(THE TASK)
Reproduce exactly, and only, the lines of the material below running from the line bearing "Daftar 10+ add-ons" through the line bearing "At Diamond Notch". Leave any pictures out.
** GIVEN RECORDS follows **
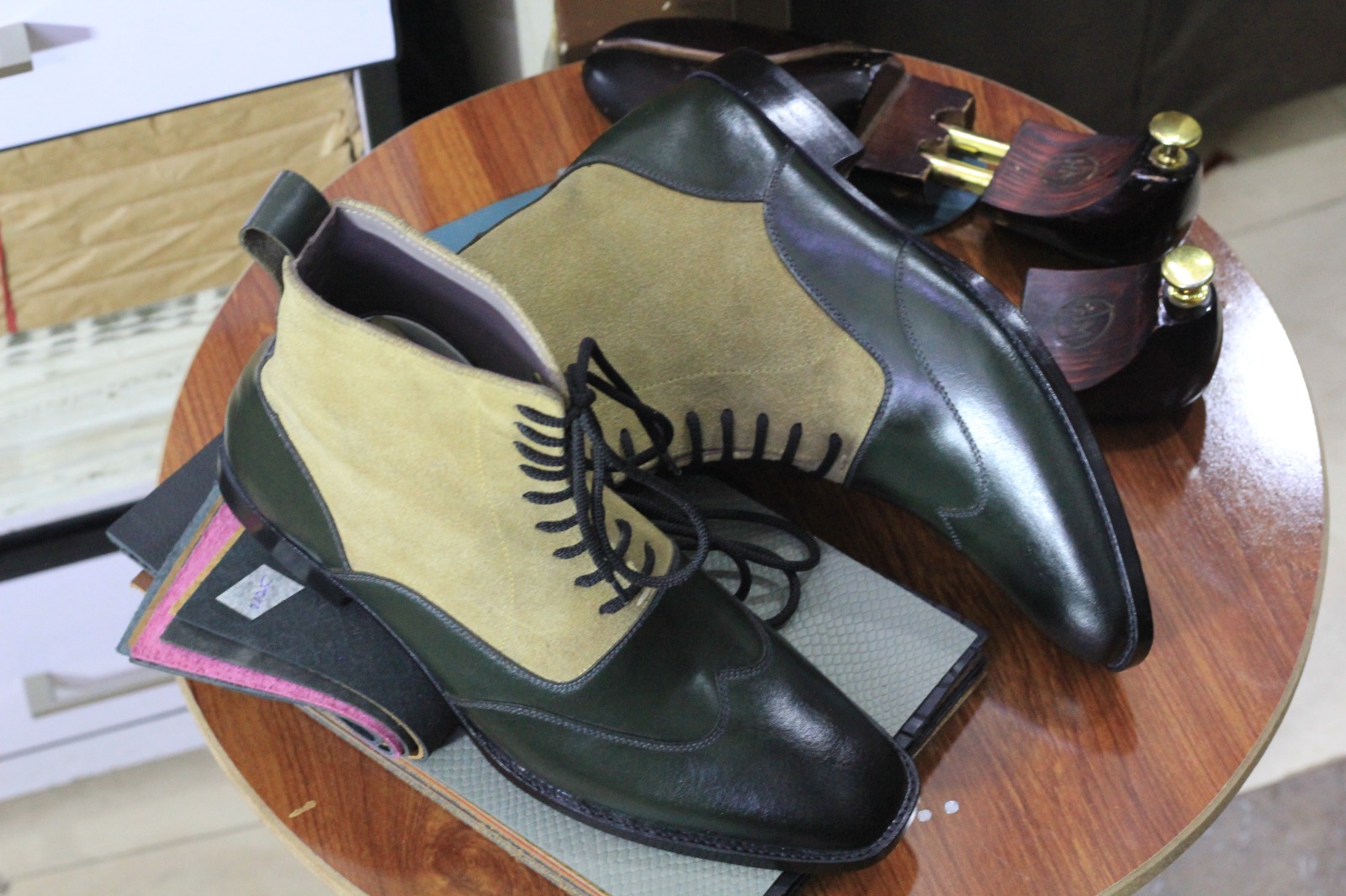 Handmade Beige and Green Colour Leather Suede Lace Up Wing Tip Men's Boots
** End of GIVEN RECORDS **
** GIVEN RECORDS follows **
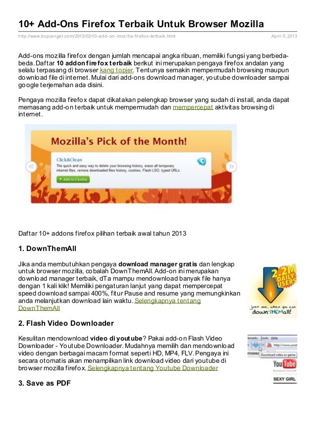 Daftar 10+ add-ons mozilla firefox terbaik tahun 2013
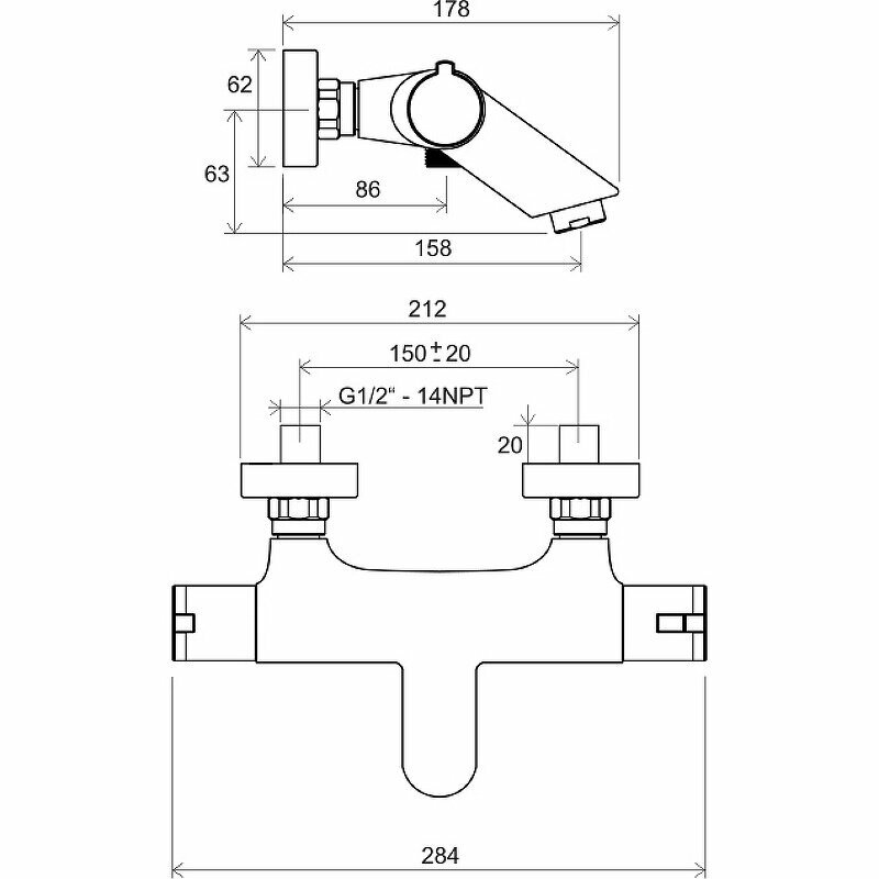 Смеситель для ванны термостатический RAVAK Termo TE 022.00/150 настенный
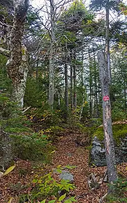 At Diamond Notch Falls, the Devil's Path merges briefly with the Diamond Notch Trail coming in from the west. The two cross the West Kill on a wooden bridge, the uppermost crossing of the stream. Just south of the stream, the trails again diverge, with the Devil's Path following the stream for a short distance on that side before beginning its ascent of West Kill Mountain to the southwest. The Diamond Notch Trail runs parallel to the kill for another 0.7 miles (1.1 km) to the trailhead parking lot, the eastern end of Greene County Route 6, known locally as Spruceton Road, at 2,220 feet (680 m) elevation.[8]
** End of GIVEN RECORDS **
(WRITTEN REPLY)
 Daftar 10+ add-ons mozilla firefox terbaik tahun 2013
 Смеситель для ванны термостатический RAVAK Termo TE 022.00/150 настенный
 At Diamond Notch Falls, the Devil's Path merges briefly with the Diamond Notch Trail coming in from the west. The two cross the West Kill on a wooden bridge, the uppermost crossing of the stream. Just south of the stream, the trails again diverge, with the Devil's Path following the stream for a short distance on that side before beginning its ascent of West Kill Mountain to the southwest. The Diamond Notch Trail runs parallel to the kill for another 0.7 miles (1.1 km) to the trailhead parking lot, the eastern end of Greene County Route 6, known locally as Spruceton Road, at 2,220 feet (680 m) elevation.[8]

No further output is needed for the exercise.